Ecosystem, Partners, and Pricing
Beyond the core platform updates, Pega also announced a series of partner integrations and go-to-market shifts:
- Major consulting firms are now embedding Blueprint into their own transformation toolkits, enabling deeper discovery and co-branded client engagements.
- A new low-friction pricing model – “adaptive subscription” – allows smaller teams or new logos to launch with Pega for as little as $60K/year.
- Pega’s Launchpad product, designed for SaaS app builders, now shares architectural DNA with Infinity, allowing for blueprint portability between enterprise and SaaS deployment models.
In essence, the company is trying to broaden its commercial aperture while deepening its enterprise moat – an ambitious and necessary move given the competitive landscape.
What’s Promising
- Blueprint’s Speed-to-Insight: Being able to show business users a functioning preview of a modernized workflow – before a line of production code is written – is an underestimated superpower.
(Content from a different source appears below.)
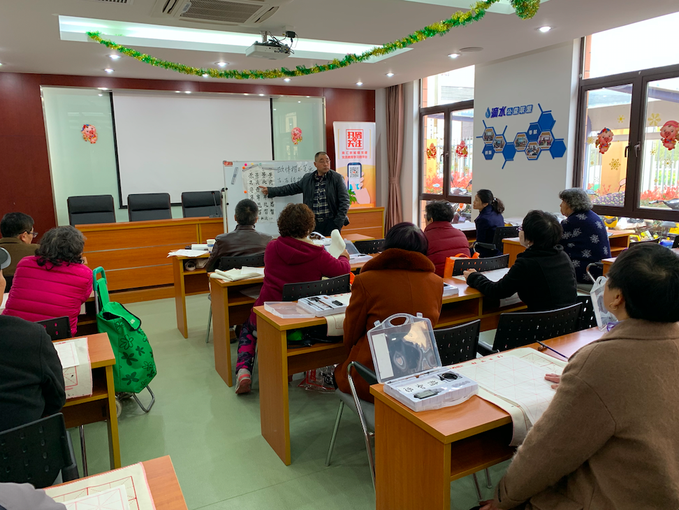 古墨轻磨满几香,砚池新浴灿生光。书法是中国优秀传统文化,也是社区居民互相交流的文化“纽带”。宜浩欧景家门口服务站与我校继续教育学院“老年颐养学堂”项目共同合作搭建平台,挖掘和发挥宜浩欧景“人才社区”优势,以社区居民自我服务的形式为小区书法爱好者开设“颐养学堂”中老年书法课程。

It aligns stakeholders, reduces scope creep, and accelerates time-to-value.
- AI as a Builder, Not Just a Bot: Most vendors are still focused on runtime agents (chatbots, assistants). Pega’s framing of design-time agents positions AI as a co-architect, not just a support role. This is strategically smart.
- Governance-First Mentality: In an industry awash in ungoverned GenAI, Pega’s insistence on traceability, auditability, and controlled execution offers real differentiation.
Some Hurdles
- Integration Complexity Still Looms: It’s one thing to ingest legacy materials; it’s another to wire those new workflows into live enterprise systems. Even with pre-built connectors and simulated data, real integration remains challenging.
- Feature Spread Risks Dilution: With Blueprint, Agentic Fabric, Launchpad, Infinity, and partner variants all on the table, Pega risks overwhelming less sophisticated buyers. The clarity of the story matters just as much as the power of the tools.
My Perspective
Pega is not pitching another AI toy – it’s pitching a disciplined framework for transformation at scale. That alone sets it apart in a landscape crowded with generative hype and half-baked LLM pilots.
Where others have rushed to bolt AI onto legacy workflows, Pega is asking a deeper question: What if AI could help you rebuild those workflows from the ground up?
That’s not an easy promise to fulfill. But it’s a worthwhile one to chase.
For enterprises trapped in decades of tech debt – and for the consultancies that serve them – Pega’s Blueprint and Agentic Process Fabric may offer the clearest on-ramp yet to AI-powered modernization with guardrails.